↓
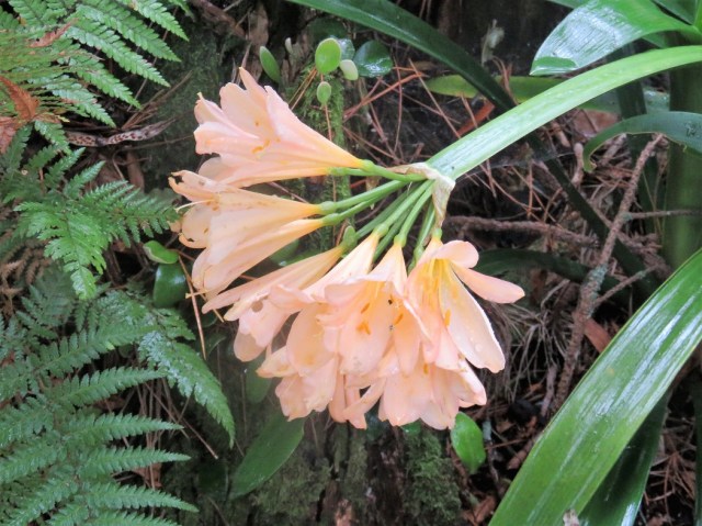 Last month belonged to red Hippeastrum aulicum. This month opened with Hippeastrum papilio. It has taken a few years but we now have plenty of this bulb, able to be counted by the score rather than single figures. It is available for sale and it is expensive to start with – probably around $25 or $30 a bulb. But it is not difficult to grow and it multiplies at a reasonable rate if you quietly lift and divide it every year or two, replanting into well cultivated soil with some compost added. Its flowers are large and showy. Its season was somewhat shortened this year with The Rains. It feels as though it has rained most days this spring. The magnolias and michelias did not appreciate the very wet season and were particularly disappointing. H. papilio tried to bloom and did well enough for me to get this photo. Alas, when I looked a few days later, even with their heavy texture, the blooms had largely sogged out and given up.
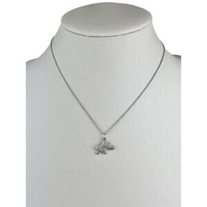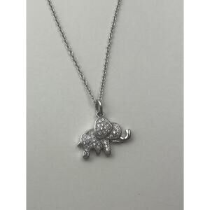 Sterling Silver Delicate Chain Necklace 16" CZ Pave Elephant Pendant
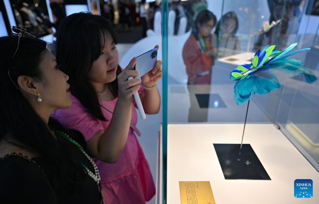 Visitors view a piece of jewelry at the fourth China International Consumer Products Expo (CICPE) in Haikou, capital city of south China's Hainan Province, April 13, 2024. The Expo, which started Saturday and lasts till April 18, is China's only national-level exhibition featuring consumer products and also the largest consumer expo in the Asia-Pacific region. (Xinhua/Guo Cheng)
↑
ASSIGNED TASK: Print the material verbatim; drop the pictures.

RESPONSE:
 Last month belonged to red Hippeastrum aulicum. This month opened with Hippeastrum papilio. It has taken a few years but we now have plenty of this bulb, able to be counted by the score rather than single figures. It is available for sale and it is expensive to start with – probably around $25 or $30 a bulb. But it is not difficult to grow and it multiplies at a reasonable rate if you quietly lift and divide it every year or two, replanting into well cultivated soil with some compost added. Its flowers are large and showy. Its season was somewhat shortened this year with The Rains. It feels as though it has rained most days this spring. The magnolias and michelias did not appreciate the very wet season and were particularly disappointing. H. papilio tried to bloom and did well enough for me to get this photo. Alas, when I looked a few days later, even with their heavy texture, the blooms had largely sogged out and given up.
 Sterling Silver Delicate Chain Necklace 16" CZ Pave Elephant Pendant
 Visitors view a piece of jewelry at the fourth China International Consumer Products Expo (CICPE) in Haikou, capital city of south China's Hainan Province, April 13, 2024. The Expo, which started Saturday and lasts till April 18, is China's only national-level exhibition featuring consumer products and also the largest consumer expo in the Asia-Pacific region. (Xinhua/Guo Cheng)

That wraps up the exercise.